▼▼▼

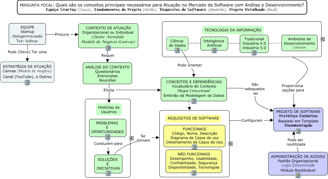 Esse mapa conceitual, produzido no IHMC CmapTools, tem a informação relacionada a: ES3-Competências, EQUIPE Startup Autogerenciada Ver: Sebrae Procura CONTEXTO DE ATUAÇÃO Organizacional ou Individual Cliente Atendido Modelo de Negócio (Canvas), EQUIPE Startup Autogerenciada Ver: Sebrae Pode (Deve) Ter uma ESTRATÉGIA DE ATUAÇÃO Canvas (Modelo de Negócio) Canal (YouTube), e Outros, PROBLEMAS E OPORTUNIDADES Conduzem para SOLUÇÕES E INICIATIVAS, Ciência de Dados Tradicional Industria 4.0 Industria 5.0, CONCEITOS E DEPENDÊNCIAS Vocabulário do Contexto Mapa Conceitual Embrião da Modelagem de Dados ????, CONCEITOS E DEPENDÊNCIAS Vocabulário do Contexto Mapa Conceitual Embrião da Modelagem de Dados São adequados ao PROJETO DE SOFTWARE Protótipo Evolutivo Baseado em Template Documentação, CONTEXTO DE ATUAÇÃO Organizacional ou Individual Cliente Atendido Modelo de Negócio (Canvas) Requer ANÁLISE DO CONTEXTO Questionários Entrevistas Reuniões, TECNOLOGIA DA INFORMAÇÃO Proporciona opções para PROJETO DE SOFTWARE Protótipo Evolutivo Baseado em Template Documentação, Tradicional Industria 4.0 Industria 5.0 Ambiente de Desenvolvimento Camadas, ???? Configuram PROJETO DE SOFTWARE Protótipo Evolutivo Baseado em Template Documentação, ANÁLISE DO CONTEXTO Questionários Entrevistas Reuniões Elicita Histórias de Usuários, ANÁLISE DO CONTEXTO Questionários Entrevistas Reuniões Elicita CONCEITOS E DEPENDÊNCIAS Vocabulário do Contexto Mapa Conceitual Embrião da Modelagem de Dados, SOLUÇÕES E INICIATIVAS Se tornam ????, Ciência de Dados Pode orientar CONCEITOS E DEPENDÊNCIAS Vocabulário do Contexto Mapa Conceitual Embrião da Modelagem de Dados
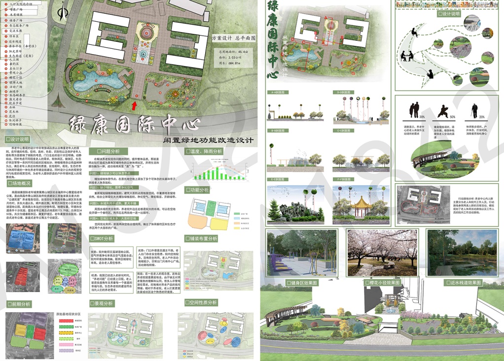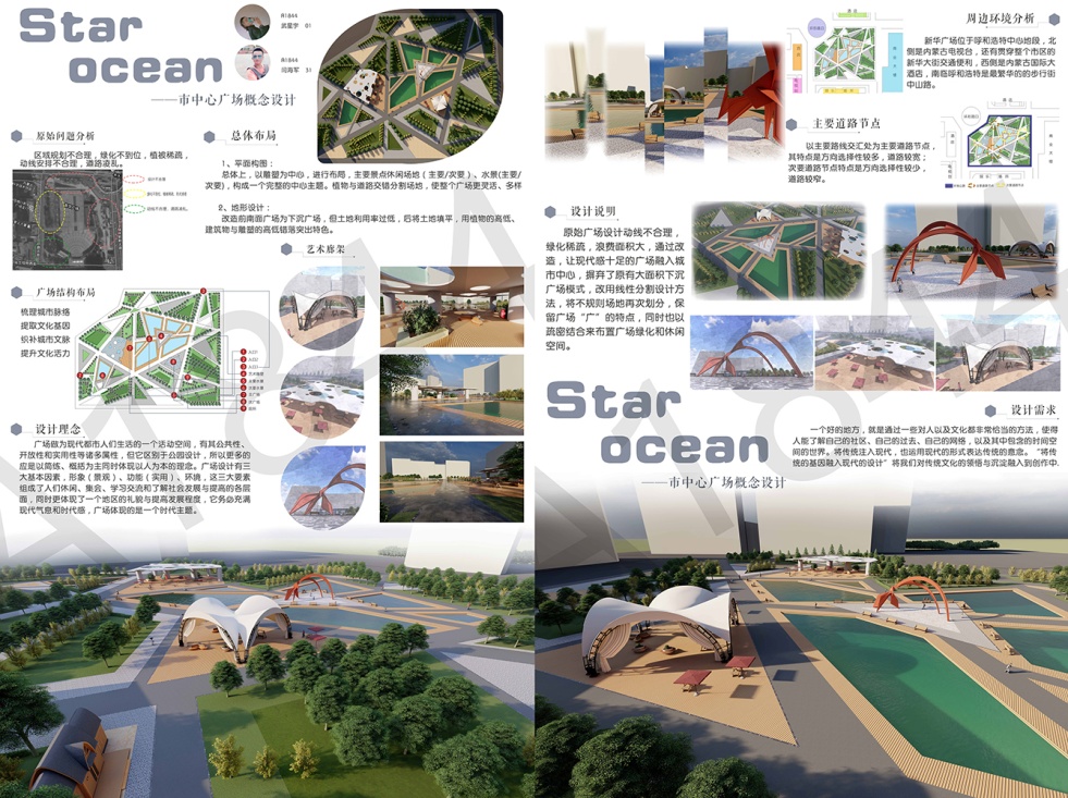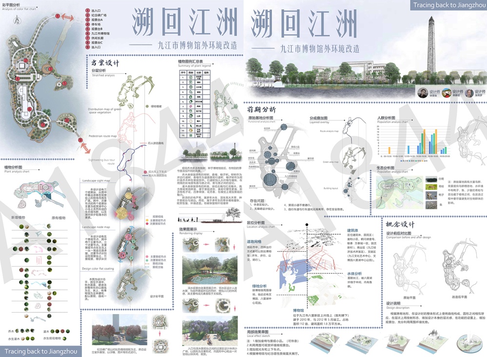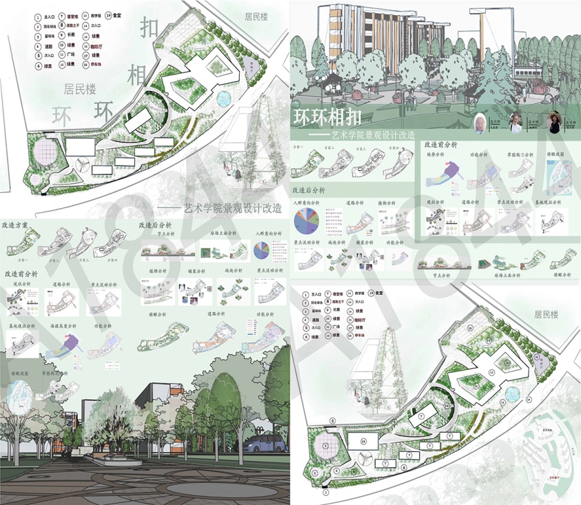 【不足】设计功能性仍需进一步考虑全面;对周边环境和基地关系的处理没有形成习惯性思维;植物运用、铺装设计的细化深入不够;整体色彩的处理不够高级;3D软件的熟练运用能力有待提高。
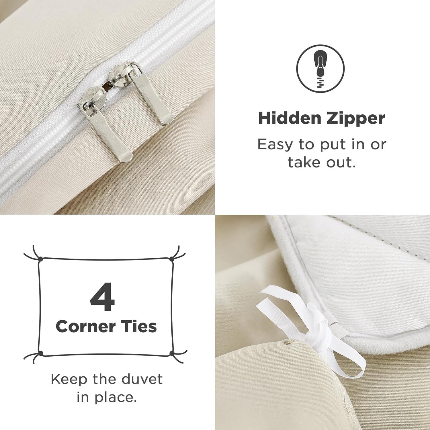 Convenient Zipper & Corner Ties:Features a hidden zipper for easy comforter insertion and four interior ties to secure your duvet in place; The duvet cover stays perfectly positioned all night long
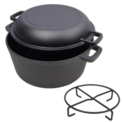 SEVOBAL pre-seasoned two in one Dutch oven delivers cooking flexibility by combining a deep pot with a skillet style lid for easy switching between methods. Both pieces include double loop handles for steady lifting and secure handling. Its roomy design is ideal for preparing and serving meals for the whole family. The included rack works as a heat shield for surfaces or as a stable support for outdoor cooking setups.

▲▲▲

TRY IT: Reproduce the listing in full and exactly, excluding any pictures it holds.

WRITTEN REPLY:
 Esse mapa conceitual, produzido no IHMC CmapTools, tem a informação relacionada a: ES3-Competências, EQUIPE Startup Autogerenciada Ver: Sebrae Procura CONTEXTO DE ATUAÇÃO Organizacional ou Individual Cliente Atendido Modelo de Negócio (Canvas), EQUIPE Startup Autogerenciada Ver: Sebrae Pode (Deve) Ter uma ESTRATÉGIA DE ATUAÇÃO Canvas (Modelo de Negócio) Canal (YouTube), e Outros, PROBLEMAS E OPORTUNIDADES Conduzem para SOLUÇÕES E INICIATIVAS, Ciência de Dados Tradicional Industria 4.0 Industria 5.0, CONCEITOS E DEPENDÊNCIAS Vocabulário do Contexto Mapa Conceitual Embrião da Modelagem de Dados ????, CONCEITOS E DEPENDÊNCIAS Vocabulário do Contexto Mapa Conceitual Embrião da Modelagem de Dados São adequados ao PROJETO DE SOFTWARE Protótipo Evolutivo Baseado em Template Documentação, CONTEXTO DE ATUAÇÃO Organizacional ou Individual Cliente Atendido Modelo de Negócio (Canvas) Requer ANÁLISE DO CONTEXTO Questionários Entrevistas Reuniões, TECNOLOGIA DA INFORMAÇÃO Proporciona opções para PROJETO DE SOFTWARE Protótipo Evolutivo Baseado em Template Documentação, Tradicional Industria 4.0 Industria 5.0 Ambiente de Desenvolvimento Camadas, ???? Configuram PROJETO DE SOFTWARE Protótipo Evolutivo Baseado em Template Documentação, ANÁLISE DO CONTEXTO Questionários Entrevistas Reuniões Elicita Histórias de Usuários, ANÁLISE DO CONTEXTO Questionários Entrevistas Reuniões Elicita CONCEITOS E DEPENDÊNCIAS Vocabulário do Contexto Mapa Conceitual Embrião da Modelagem de Dados, SOLUÇÕES E INICIATIVAS Se tornam ????, Ciência de Dados Pode orientar CONCEITOS E DEPENDÊNCIAS Vocabulário do Contexto Mapa Conceitual Embrião da Modelagem de Dados
 【不足】设计功能性仍需进一步考虑全面;对周边环境和基地关系的处理没有形成习惯性思维;植物运用、铺装设计的细化深入不够;整体色彩的处理不够高级;3D软件的熟练运用能力有待提高。
 Convenient Zipper & Corner Ties:Features a hidden zipper for easy comforter insertion and four interior ties to secure your duvet in place; The duvet cover stays perfectly positioned all night long
 SEVOBAL pre-seasoned two in one Dutch oven delivers cooking flexibility by combining a deep pot with a skillet style lid for easy switching between methods. Both pieces include double loop handles for steady lifting and secure handling. Its roomy design is ideal for preparing and serving meals for the whole family. The included rack works as a heat shield for surfaces or as a stable support for outdoor cooking setups.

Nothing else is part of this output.